However, different ICUs may routinely collect different disease severity measures (DSMs). When there is not a single, common score measured across centers, adjustment for confounding may not be straightforward. This applies to observational multicenter studies, cluster-randomized trials, and individual participant data meta-analyses (5–7). Although numerous studies have evaluated the prognostic performance of different DSMs across various settings (8–10), the aim of the current study was to compare different methods to adjust for confounding by disease severity in multicenter ICU studies when different measures are available from different centers, and to assess how the performance of these methods depends on the availability of these measures across centers.
A simulation study was performed using data from the Dutch “National Intensive Care Evaluation (NICE)” registry (11). This database holds information on APACHE II, APACHE IV, and SAPS II scores and their predicted mortalities as well as observed in-hospital mortality status for all admissions in all ICUs in the Netherlands (see Data section). To mimic an observational study with confounding, where sicker patients are more likely to receive the treatment under study, a fictitious treatment was assigned to half of the patients in each center. Treatment was assigned conditional only on the APACHE IV predicted mortality. In doing so, treatment status is independent of the outcome when correcting for the APACHE IV predicted mortality, and therefore the corrected odds ratio (OR) of treatment on in-hospital mortality is 1.

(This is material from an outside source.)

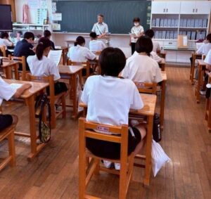 市貝町は市貝中学校の生徒たちに社明運動や更生保護などについて話をしました。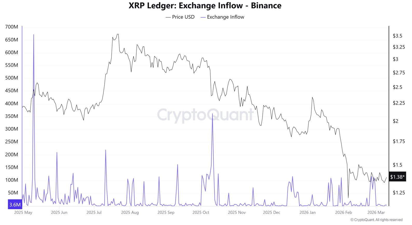 Además, los flujos de $XRP hacia Binance se han desplomado tras dos picos masivos el 10 de mayo y el 11 de octubre de 2025. Los flujos han caído a solo 3.62 millones de $XRP, desde un pico de 672 millones en mayo y 362 millones en octubre, lo que indica que la presión de venta en los intercambios ha disminuido significativamente.

Thereby, the treatment was noneffective and any deviation from the OR of 1.0 was caused by bias due to incomplete confounding adjustment (see Simulating Treatment section). Subsequently, multiple scenarios were evaluated, in which the hypothetical availability of DSMs differed across centers depending on patient- and center-level characteristics (see Scenarios section). Within each scenario, several methods to adjust for confounding (see Confounding Adjustment Methods section) were applied to estimate the association of the simulated treatment with the outcome, adjusted for the available DSMs. Confounding adjustment by APACHE IV score in all centers was chosen as the reference method (scenario 0) to which other combinations of methods and scenarios were compared, because we assume that these scores are much more frequently available to clinical studies than the APACHE IV predicted mortalities (these predictions derive from complex calculations based on many separate variables) (12, 13). Thereby, we aim to identify “best-case” methods, which are also applicable to practice. To account for simulation error, each scenario was repeated 1,000 times on a different bootstrap sample from the original data, results were averaged and methods compared in terms of bias in the estimated treatment effect and the coverage of its 95% CI (see Performance Measures section). Simulations were performed using R (Version 3.2.2; R Foundation for Statistical Computing, Vienna, Austria; https://www.R-project.org/). The NICE registry is registered according to the General Data Protection Regulation. The medical ethics committee of the Amsterdam UMC stated that medical ethics approval for this study was not required under Dutch national law (registration number W18_179).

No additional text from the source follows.